XHAGR-FM/XEAGR-AM
- Acapulco, Guerrero; Mexico;
- Frequencies: 810 kHz 105.5 MHz
- Branding: Radio Fórmula

Programming
- Format: News/talk

Ownership
- Owner: Radio Fórmula; (Transmisora Regional Radio Fórmula, S.A. de C.V.);
- Sister stations: XHACA-FM

History
- First air date: January 25, 1994 (concession) November 1994 (FM)
- Call sign meaning: Acapulco, Guerrero

Technical information
- Class: B1 (FM) B (AM)
- Power: 7 kW day/0.6 kW night
- ERP: 10 kW
- HAAT: 437.3 m
- Transmitter coordinates: 16°49′15.17″N 99°50′06.52″W﻿ / ﻿16.8208806°N 99.8351444°W

Links
- Website: radioformulaguerrero.com

= XHAGR-FM =

Radio Fórmula station in Acapulco, Guerrero

XHAGR-FM 105.5/XEAGR-AM 810 is a combo radio station in Acapulco, Guerrero.
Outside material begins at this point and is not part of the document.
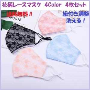 マスク 布製 洗える おしゃれ レース セット 送料無料 洗えるエコマスク各色1枚 4枚組 レース風 ファッションマスク
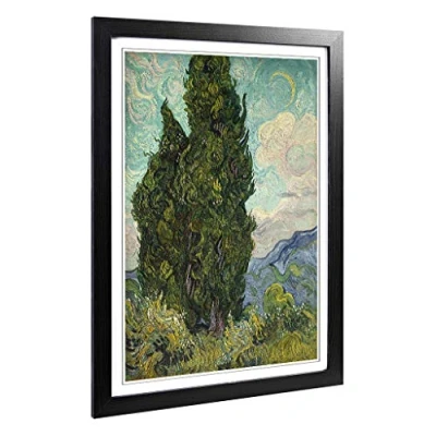 Big Box Art Framed Print of Vincent Van Gogh Cypresses Design Wall Picture Home Decor for Kitchen, Living, Dining Room, Bedroom, Hallway, Office, Black, A2 / 24.5x18 Inch 62x45cm

It is owned by and carries the Radio Fórmula network.

==History==
XEAGR received its first concession on January 25, 1994. It was originally owned by Radio Creatividad, S.A., a subsidiary of Radiorama. That November, the station was authorized for its FM combo, XHAGR-FM 105.5. In 2000, Radio Fórmula bought the station.